You get NaN because the binning has left some bin empty and x * log(2, x)
for x = 0.0 results in 0.0 * -Inf which is NaN. You can avoid this
particular problem by replacing x * log(2,x) with something that special
cases x = 0.0 to return 0.0 rather than NaN.

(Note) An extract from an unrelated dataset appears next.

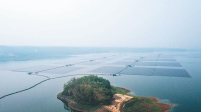 在印度尼西亚西爪哇省芝拉塔水库拍摄的中企承建芝拉塔漂浮光伏项目。新华社记者 徐 钦摄

Note that the result you get from this operation will depend on the number
of bins and will typically be different from the result of your first
approach.
Den fredagen den 5:e september 2014 kl. 09:16:18 UTC+2 skrev paul analyst:
>
> THX, work but:
> julia> t=h5read("FMLo2_z_reversem.h5","FMLo2",(:,1));
>
> julia> eltype(t)
> Float64
>
> julia> t
> 5932868x1 Array{Float64,2}:
> 0.0181719
> 0.303473
> -0.526979
> ?
> -0.526979
> 0.912295
> -0.0281875
>
> julia> entropy(t)
> NaN
>
> julia> entropy(vec(t))
> NaN
> Why ?
> julia> s
>
> 1000000-element Array{Float64,1}:
> 0.737228
> 0.162308
> 0.688503
> 0.108727
> 0.40552
> 0.654883
> 0.618194
> 0.137147
> 0.934373
> 0.077236
> ?
> 0.413675
> 0.463914
> 0.504321
> 0.976408
> 0.998662
> 0.343927
> 0.477739
> 0.660533
> 0.918326
> 0.579264
>
> julia> entropy(s)
> 13.280438296634793
>
>
> julia>
>
> julia> entropy(t[:,1])
> NaN
>
> ???
> Paul
>
>
> W dniu 2014-09-05 07:34, David P. Sanders pisze:
>
>
>
> El jueves, 4 de septiembre de 2014 23:42:20 UTC-5, paul analyst escribió:
>>
>> julia> entropy(s)=-sum(x->x*log(2,x), [count(x->x==c,s)/length(s) for c
>> in unique(s)]);
>>
>> julia> s=rand(10^3);
>>
>> julia> @time entropy(s)
>> elapsed time: 0.167097546 seconds (20255140 bytes allocated)
>> 9.965784284662059
>>
>> julia> s=rand(10^4);
>>
>> julia> @time entropy(s)
>> elapsed time: 3.62008077 seconds (1602061320 bytes allocated, 21.81% gc
>> time)
>> 13.287712379549843
>>
>> julia> s=rand(10^5);
>>
>> julia> @time entropy(s)
>> elapsed time: 366.181311932 seconds (160021245832 bytes allocated, 21.89%
>> gc time)
>> 16.609640474434073
>>
>>
> You can see from these last two that the time is multiplied by 100 when
> the length of the vector is multiplied by 10, i.e. your method has O(n^2)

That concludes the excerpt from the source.